Does anyone know of a formula that can be used to determine the length of cable that is on a spool? Of course the Spool dimensions(Radius, width etc…) and diameter of the cable will be a “known”.
Thanks in advance for any help.
There are electronic devices that you can hook up and determine the “electrical length” of the cable. This number, multiplied by the cables velocity factor gives the physical length.
There is one built into my antenna analyzer.
Alternativly, if you know the cable weight per foot, and the weight of the empty spool, all you need is a pencil and paper.
That’s fairly simple to calculate if you are talking of theoretical length. In other words, if every turn is side by side and every layer neatly wrapped.
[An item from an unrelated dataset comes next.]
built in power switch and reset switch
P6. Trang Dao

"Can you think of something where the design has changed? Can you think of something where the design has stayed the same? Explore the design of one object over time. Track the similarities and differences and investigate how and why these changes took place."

But this only happens with thick wires.
Now that I think of it we had a similar thread not long ago which turned into quite a deep discussion but I forget exactly what started it. I remember discussing the approximation of considering a spiral or a circle etc.
Anyway, give us a bit more info on what you are trying to do.
A quick solution: let’s call the wire diameter “d”, the outside spool radius “R”, the inside spool radius “r” and the spool width “w”, all in the same units. If you have a long spiral starting from the center and forming a solid circle of wire, the area “A” equals pi()*R^2. Now remove the central part to allow for the spool core and you have a total area
A’ = A - a = pi() * (R^2 - r^2)
That is the area of one layer of spiral and the length of wire it contains equals A’/d
Now the number of spirals or layers is w/d so the solution is that the total length of wire is
L = A’/ d * w / d = w * A’/ d^2 = pi() * w * (R^2-r^2) / d^2
Unless I have made some mistake along the way, which I may have. And I hope this time I do not get dragged into a long argument like last time.
You didn’t state what type of cable you have (i.e. wire rope, insulated electrical cable, etc.), but in the case of wire rope the ‘reel capacity’ chart here should get you close. For other cables substitute (0.2618/d[sup]2[/sup]) for K where d=diameter of cable.
I believe this formula was originally published by the Roebling Wire Rope Company, but pretty much every wire rope supplier i’ve seen uses this formula.
As sailor stated, the tighter and more neatly wrapped, the more accurate the answer. This should give you fair estimate.